[dropcap]C[/dropcap]apturing a real life incident on celluloid is always a challenge that comes with a benchmark of expectations. And it’s an even bigger challenge when the concept is a touchy one and has several emotions associated with it. Ram Gopal Varma’s recent film, ‘The attacks of 26/11’ is one such film that has layers of sentiment, challenges and expectations associated with it. The crime thriller has been shot by the cinematographer duo of Harshraj Shroff and M.Ravichandran Thevar.

The cinematic experts speak to Pandolin about recapturing the trauma, feelings and events of the attacks of 26/11. Shooting the film has had its share of complexities but the ace cinematographers have used their flair and creative proficiency to delicately recreate the tragedy and emotionally arouse the audiences.


M Ravichandran Thevar and Harshraj Shroff in action

How did you approach the shoot of a sensitive film like ‘The attacks of 26/11’?

H – The main perspective was to show things as real as possible. So everything including camera movements, the lighting, locations etc were kept as close to reality as could be managed.

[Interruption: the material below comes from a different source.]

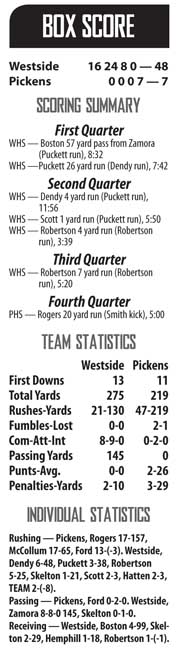 Pickens was forced to play its final game at Bruce Field, now owned by the city of Pickens, because of water issues on the home turf at Pickens High School.
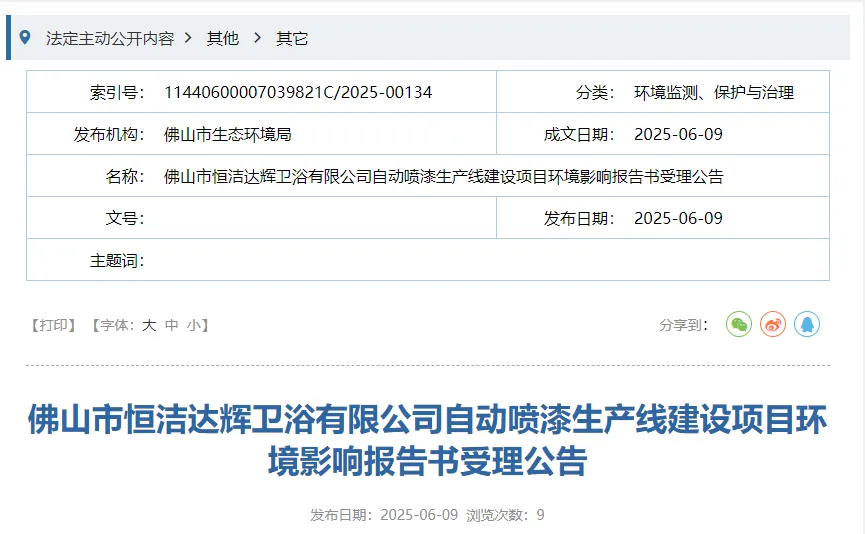 近日,佛山市生态环境局发布佛山市恒洁达辉卫浴有限公司自动喷漆生产线建设项目环境影响报告书受理公告。

R – RGV called and told us that he was planning to make a film on 26/11 which is a sensitive and religious/communal topic. He also said that it would not be like the regular entertainment films. So we thought it was a unique concept and instantly agreed.

RGV has said that the film is focused on capturing the emotional aspects. How was the experience of re-capturing this tragedy on camera?

H – RGV was very clear about his thoughts and ideas on the shot – taking methods. So before going to any location or shoot he knew what to look for and the things we wanted to do in that area. So it was very easy for us to give him the output he required.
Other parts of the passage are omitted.